Notwithstanding his New York license revocation, Dr. Brigham continued to operate clinics in Colonie (a suburb of Albany, N.Y.) and Nanuet, about 15 minutes north of New York City. He also performed second trimester abortions in New Jersey despite a 1994 order from the N.J. medical board limiting him to first trimester abortions (up to 14 weeks).

The complaint against Dr. Brigham before the N.J. State Board of Medical Examiners alleges that he committed "repeated acts of negligence, gross negligence, malpractice or incompetence, and engaged in the use of dishonesty, deception, or misrepresentation as well as professional misconduct" (Interim Decision and Order, Feb. 7, 1994). In May 1992, while aborting a 24-week child at the Flushing Women's Center, Dr. Brigham perforated the mother's uterus, failed to recognize the complication and "inflicted extensive damage on the patient, jeopardizing the patient's life and health. The patient was transferred by ambulance to a hospital for emergency surgery to repair an 8-10 cm [3-4 inch] uterine laceration, bilateral pelvic peritoneal lacerations, disruption of the sigmoid mesentery, transmural laceration of the sigmoid colon and extensive damage to both ureters" (Interim Decision and Order).

In November 1993, Dr. Brigham lacerated the uterus of a 20-year-old woman at his Spring Valley, N.Y. office during the abortion of her 26-week child. The patient vomited, passed out, and bled severely for three hours before being taken to a hospital, in shock, where an emergency hysterectomy was performed.
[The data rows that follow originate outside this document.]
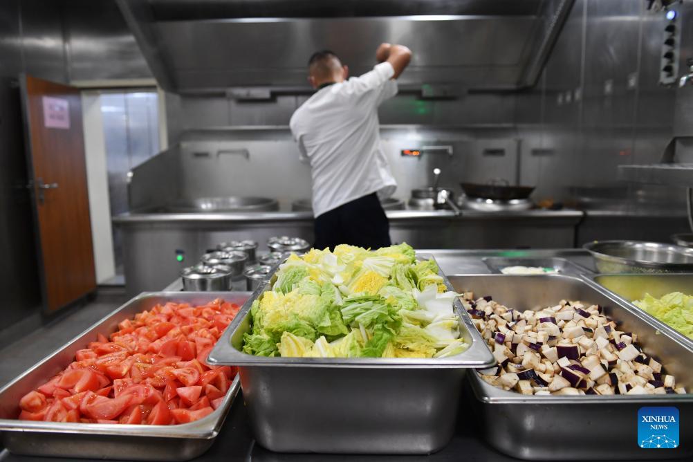 A law enforcer prepares dinner aboard the China Coast Guard (CCG) vessel Sandu in the South China Sea, March 8, 2026. The CCG vessel Sandu conducted patrols in the South China Sea to safeguard China's territorial sovereignty and maritime rights and interests. (Xinhua/Mao Jun)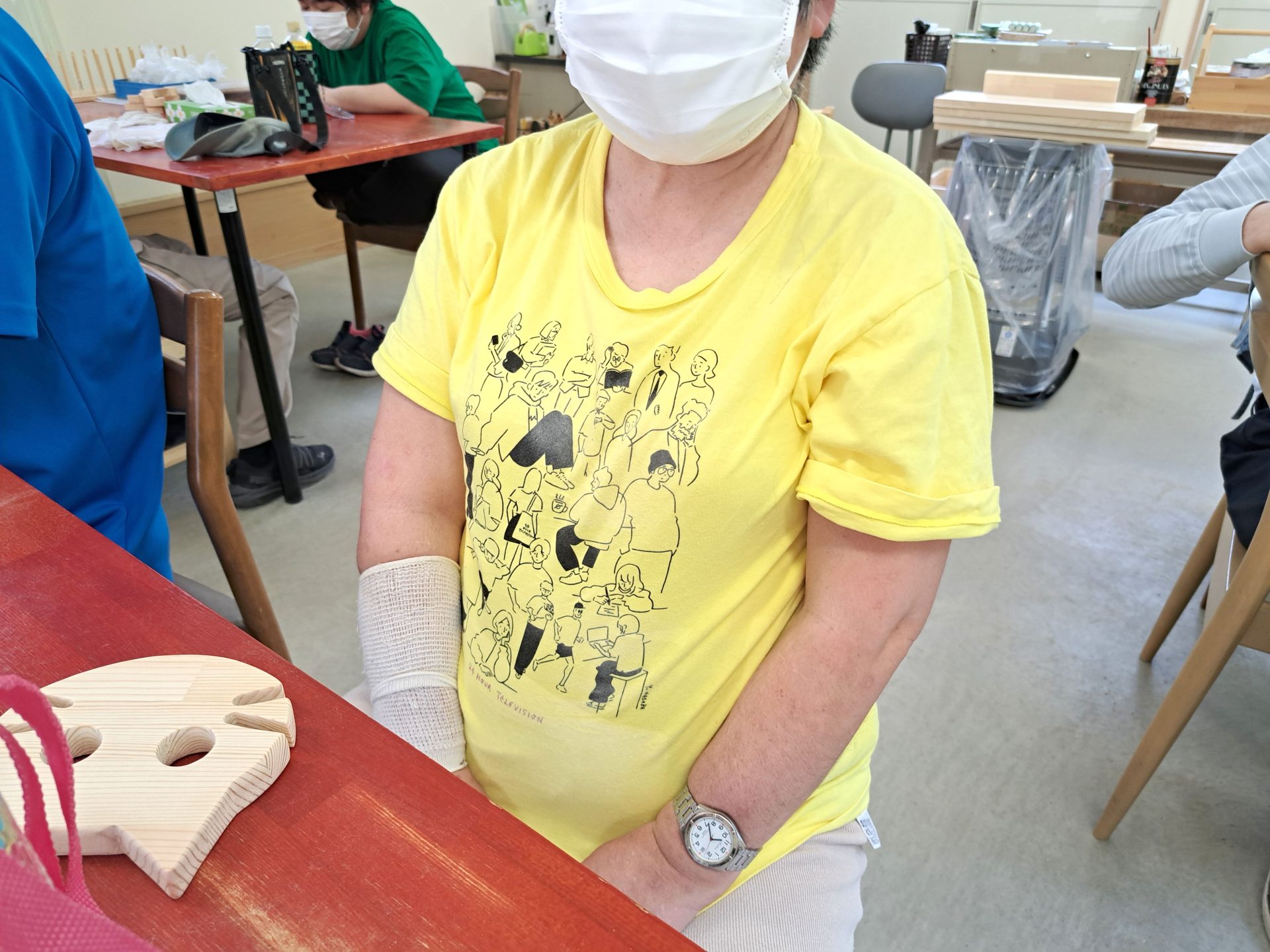 木工棟に向かう途中に見覚えのあるTシャツの利用者さん発見!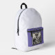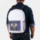 Un sac à dos blanc élégant avec un graphique de randonnée « sans signal » gras sur une poche avant contrastée, parfait pour les amateurs de plein air et pour une utilisation quotidienne décontractée.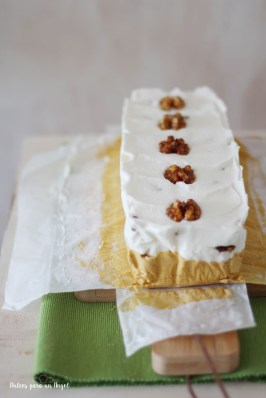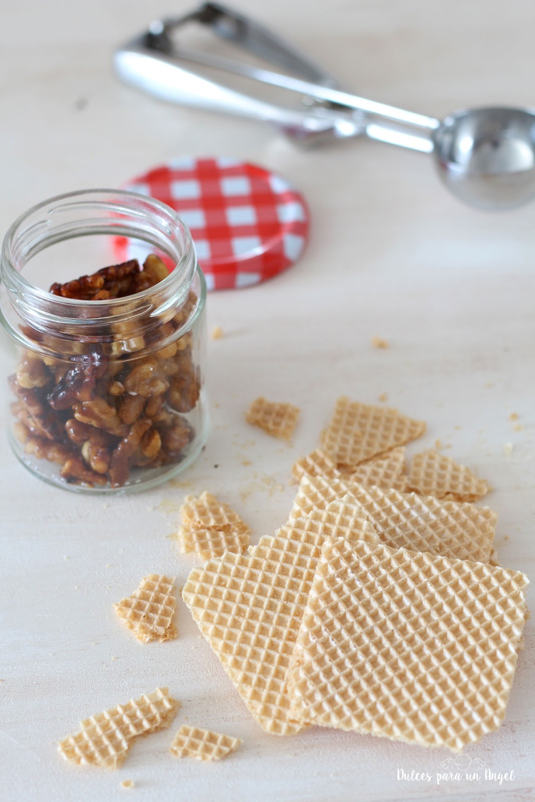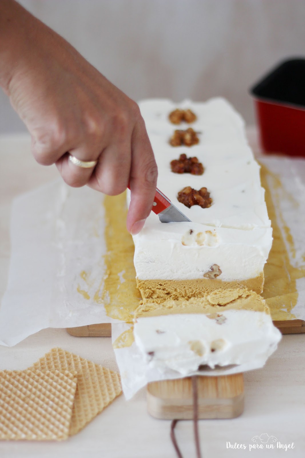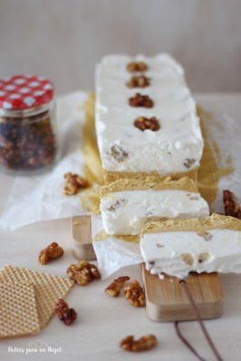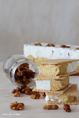 Sacamos nuestro molde con el helado de toffee del congelador y vamos echando cucharadas de helado de nata y trozos de nueces hasta rellenar el molde por completo, podemos adornar la superficie con unas nueces enteras. Cubrimos con film transparente y llevamos al congelador al menos 24 horas. Servimos en forma de sándwiches entre dos galletas para helados.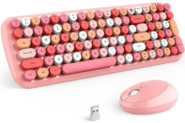 Wireless Keyboard and Mouse Combomost popular light pink color of 2023, to attract more people's eyes, give you a different vision, enjoy a different keyboard experience, create a colorful desk, and be a pleasant mood for you! ^^ Floating Button Design & Detachable KeycapsAll buttons can be disassembled, put in water to clean, and also equipped with a brush to clean the garbage on the keyboard. The floating button design gives you a soft and quiet feeling, and takes you back to the most original type of Typewriter Style! ^^ 2.4G Wireless Techplug & play, 35 feet working range, 2-in-1 nano receiver, no need to install other software, no delays or Drop the line, Make your desk surface more neat and tidy, Keyboard or mouse can be used separately, just insert a single USB Receiver to use your Wireless Keyboard Mouse Combo! ^^ Wide Compatibilitymouse and keyboard are perfectly compatible with Windows 7 / 8 / 10 / XP / ME / 2000 / Vista operating system (USB 2.0 port).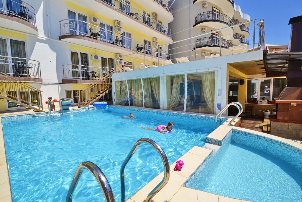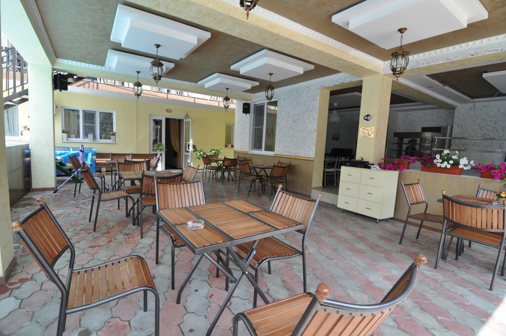 Гостевой дом «Афина» предлагает комфортное размещение. Есть бесплатный Wi-Fi, кафе с трёхразовым питанием, открытый и крытый бассейны. На территории — детская площадка с батутом, качелями и лазалками. Предоставляются услуги прачечной, химчистки и глажки. Возможна парковка и организация трансфера. Размещение с животными — за дополнительную плату. До моря можно дойти за 8–10 минут. Рядом — магазины и развлечения. Недалеко находятся кафе и рестораны: «Сытый грек Таверна» с европейской и греческой кухней, «Сифудо Кафе» с японской и европейской кухней, «Тайхаку Кафе» с суши и пиццей, «Ван Кафе» с грузинской кухней.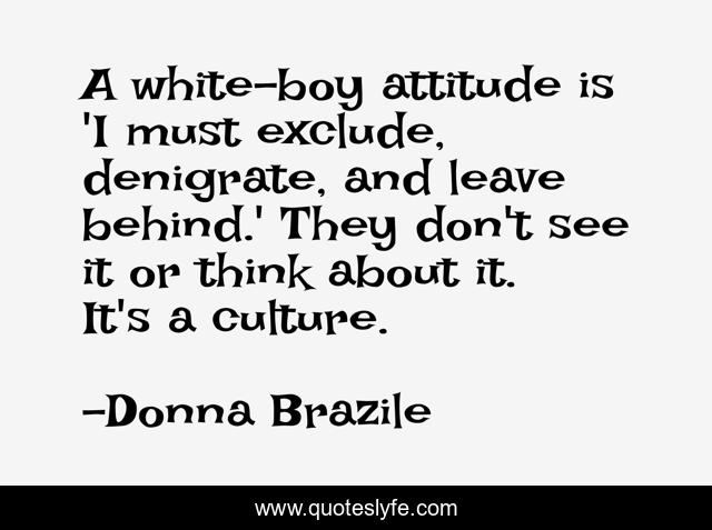 This page presents the quote "A white-boy attitude is 'I must exclude, denigrate, and leave behind.' They don't see it or think about it. It's a culture.". Author of this quote is Donna Brazile. This quote is about culture, see, think,.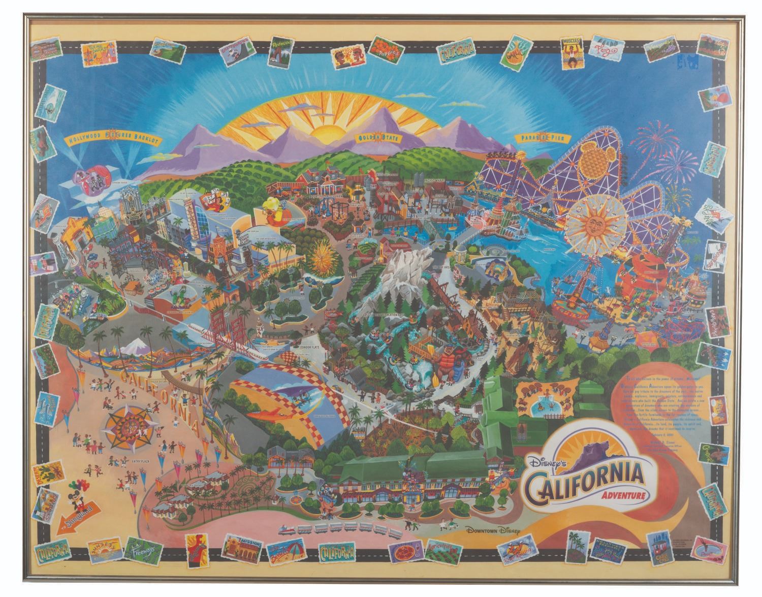(Disney's California Adventure, 2001) A stylized illustrated map of Disney's California Adventure Park in its opening year of 2001. Rolled as issued, the map measures 26.5 " x 34 " and is in good condition with very light waviness throughout, and the left edge previously folded to fit into a frame.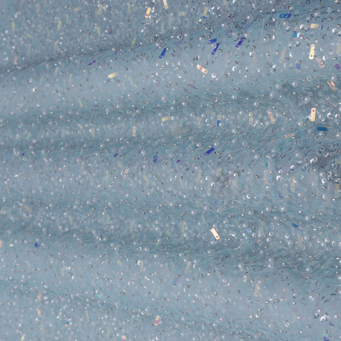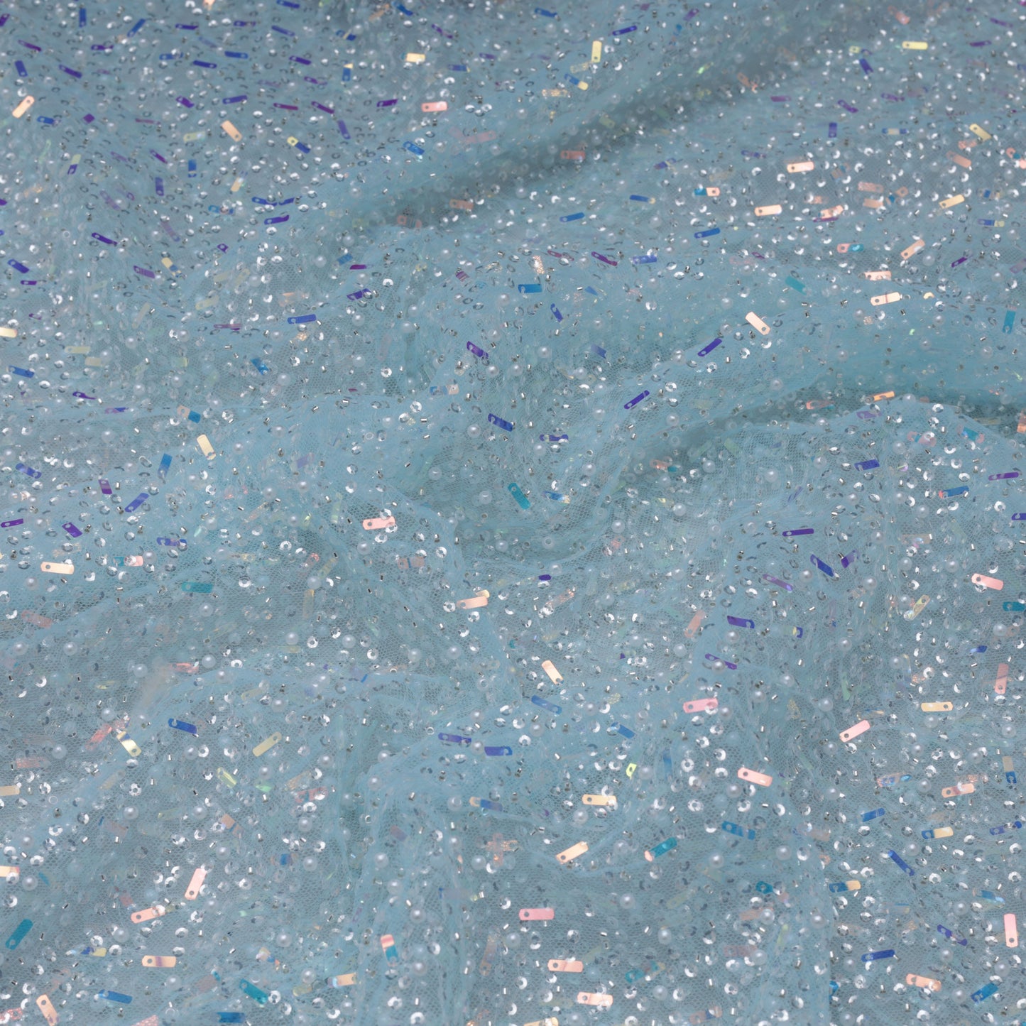 The Net Sequins Fabric is a high-quality material that is perfect for creating stunning outfits and decorations. This fabric features a net base adorned with shimmering sequins, adding a touch of glamour and elegance to any project.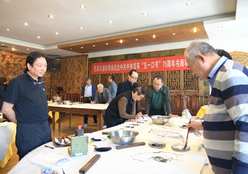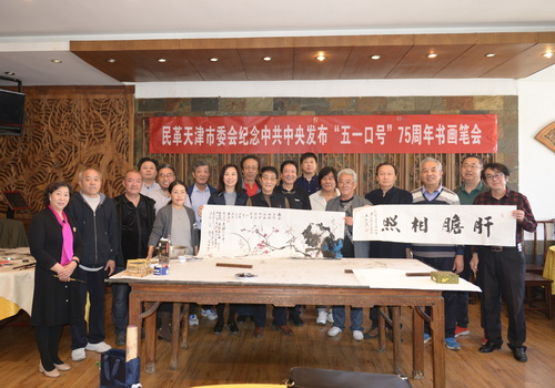 4月18日,民革天津市委會舉辦紀念中共中央發布“五一口號”75周年書畫筆會。民革天津市委會專職副主委王紅梅出席活動,民革天津畫院名譽院長黑成義、院長韓必省,副院長高學年、方大開、王延強、齊君,顧問、理事參加筆會。畫院秘書長惠藍圖主持筆會。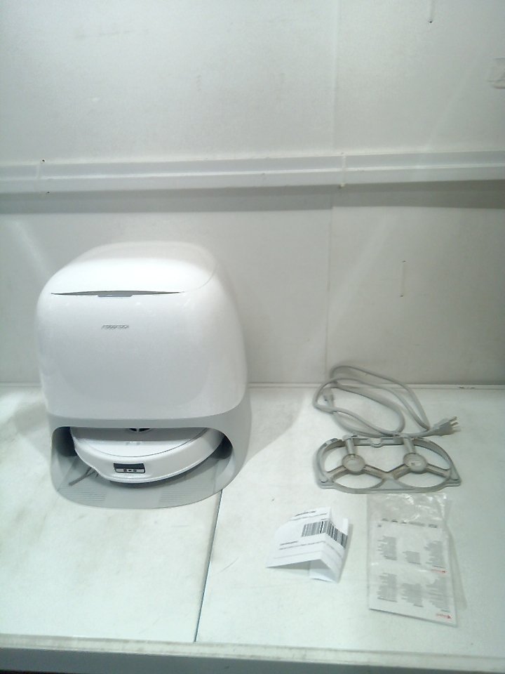 There is dust and light markings on the bottom of the vacuum, charging base and in the dust bin. Tested for power, movement and returning to base. (SEE PHOTOS)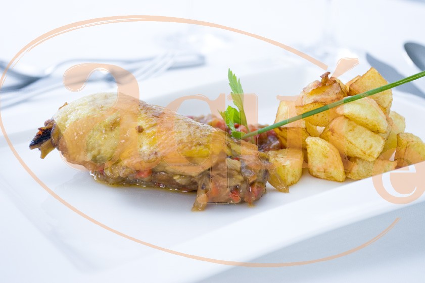 - Dorar el pollo en aceite. Retirar y añadir las verduras cortadas en dados, regar con el jerez, cocinar hasta evaporar el alcohol. Ligar con la harina, añadir el caldo y remover con varilla. Introducir el pollo y hervir hasta cocinarlo. Acompañar de patatas fritas.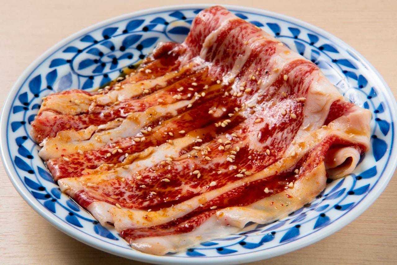 Select kalbi (Wagyu beef rib area).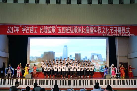 4月15日上午九点,1946伟德国际源自英国于雁山校区体育馆举行了“学在桂工,化院笙歌”班级合唱比赛暨科技文化节开幕式。马克思主义学院院长、化工15-2班班主任邱杰、学院党委副书记陶剑飞以及各辅导员、班主任出席了本次活动,我院大一、大二的全体同学参加了本次比赛。
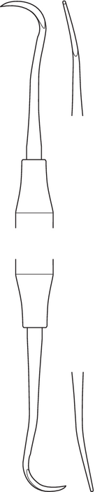 Scaler, acc. to Hygienist, incisors, premolars, mesial/distal, particularly good in the interdental space, figure H6/H7, width 1.2 mm, hollow handle, Ø 8 mm, length 17.5 cm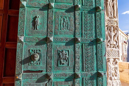 Italy-Apulia-Trani-Trani San Nicola Pellegrino cathedral Intricately carved door White Modern Wood Framed Art Print with Double Matting by Wilson, Emily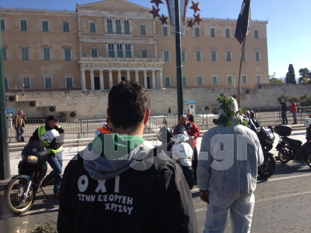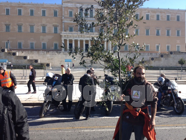Της πορείας προπορευόταν ομάδα «Αγανακτισμένων Μοτοσυκλετιστών» από την Αθήνα.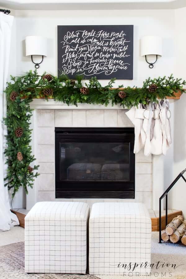 This simple Scandi inspired Christmas fireplace decor takes advantage of nature inspired decor. With a fresh cut Christmas tree, hand wrapped gifts, and fresh cedar garland this mantel is so cozy.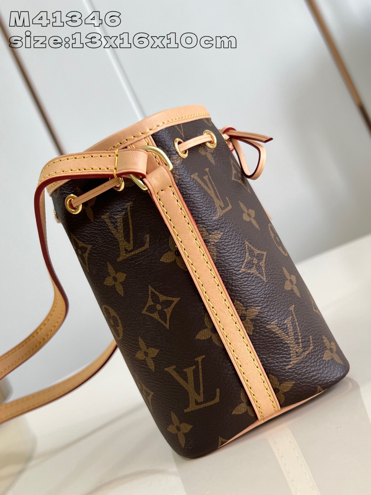 Tags: Everyday Essentials Bag, Louis Vuitton Nano Noe Bag, Mini Designer Handbag, Monogram Canvas Bucket Bag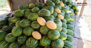 درعا-سانا باشر مزارعو درعا بجني محصول البطيخ الأحمر والأصفر المغطى، الذي بدأ يتوافر

Brigham's alter ego in New York, Dr. Mark Binder, did abortions at Brigham's clinics in Colonie and Nanuet. A Statement of Charges against Dr. Binder by the N.Y. State Board of Professional Medical Conduct (Sept. 1996) alleges eighteen specifications of gross negligence, gross incompetence, conduct evidencing moral unfitness, and fraud.

Binder instructed an ultrasound technician to falsify readings on gestational age so that fetuses over 24 weeks would appear to be under New York's legal age limit.

Binder scheduled a patient for an illegal third-trimester abortion (26-27 weeks) at the Nanuet clinic for the first day's insertion of laminaria and the Colonie clinic (150 miles away) for the second insertion of laminaria on the following day. The procedure was scheduled the third morning in Colonie. When Binder found himself unable to complete the abortion, and having no hospital privileges or back-up physician in the Albany area, he made the patient wait two hours (with no further examination or monitoring) while he saw to the rest of the morning's abortions. He then instructed the patient's husband to drive her to Beth Israel Hospital in New York City, accompanied by a staff member with limited medical training. In addition to his grossly negligent treatment of the patient, Dr. Binder was found to have made false statements and records at every step. Based on these and other findings, his N.Y. license was revoked and he was fined $25,000.